Ascent Kollege (also known as Ascent College) is a private remedial school based in Accra, Ghana, specializing in academic preparation programs for secondary school students and adults seeking to improve their qualifications and also provides a supportive environment designed for effective learning and personal growth. It has three main branches located at Kasoa, Dansoman and Adabraka in the Greater Accra Region of Ghana.

== History ==
Ascent Kollege was established on 22 August 2011 by Francis Kwarteng Crentsil who was a product of the University of Ghana in Adabraka, Accra, Ghana where it began as a remedial school dedicated to exam preparation. It all started when its founder, Crentsil recognised the significant gaps in remedial education options for private candidates preparing for the West African Senior School Certificate Examination (WASSCE) in the Greater Accra Region.

The institution began operating from a modest background with limited finances and basic facilities yet sustained by the commitment of its founding teachers and trustees. It began operation with three students at Adabraka then to 88 students running morning and evening remedial programmes in WASSCE private exams annually.

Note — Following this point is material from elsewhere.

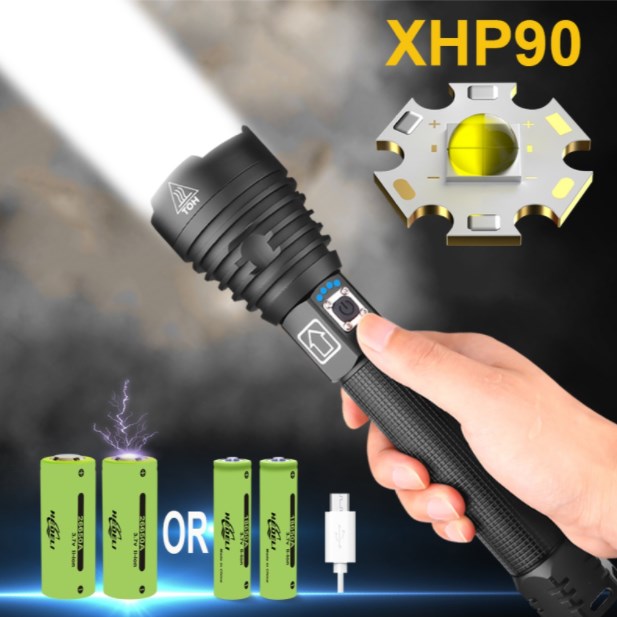 Как на большинстве современных фонарей, на данной модели при заказе можно выбрать один из типов предложенных светодиодов. Продавец предлагает три варианта с яркостью светового потока от 10000 до 250000 люмен. Для питания мощных светодиодов установленных в данном фонаре используется уже два аккумулятора типа 18650 или 26650 в зависимости от вашего выбора. Также стоит отметить, что самую мощную модель можно использовать на расстояние до 1000 метров.

As the institution continued to expand its operations to meet growing demand for remedial education in the Greater Accra Region, it established branches beyond the initial Adabraka (Brook Cherith) campus at Kasoa (Oaks Cottage) and Dansoman (Cottage of Catherine). As a result, the institution grew to accommodate over 400 students annually, with other programs such as Pre-SHS vacation classes, adult education, and international test preparation which includes study abroad assistance for universities in the US, UK, Canada, and Australia, along with the launch of an online store for educational resources. added to the WASSCE remedial program.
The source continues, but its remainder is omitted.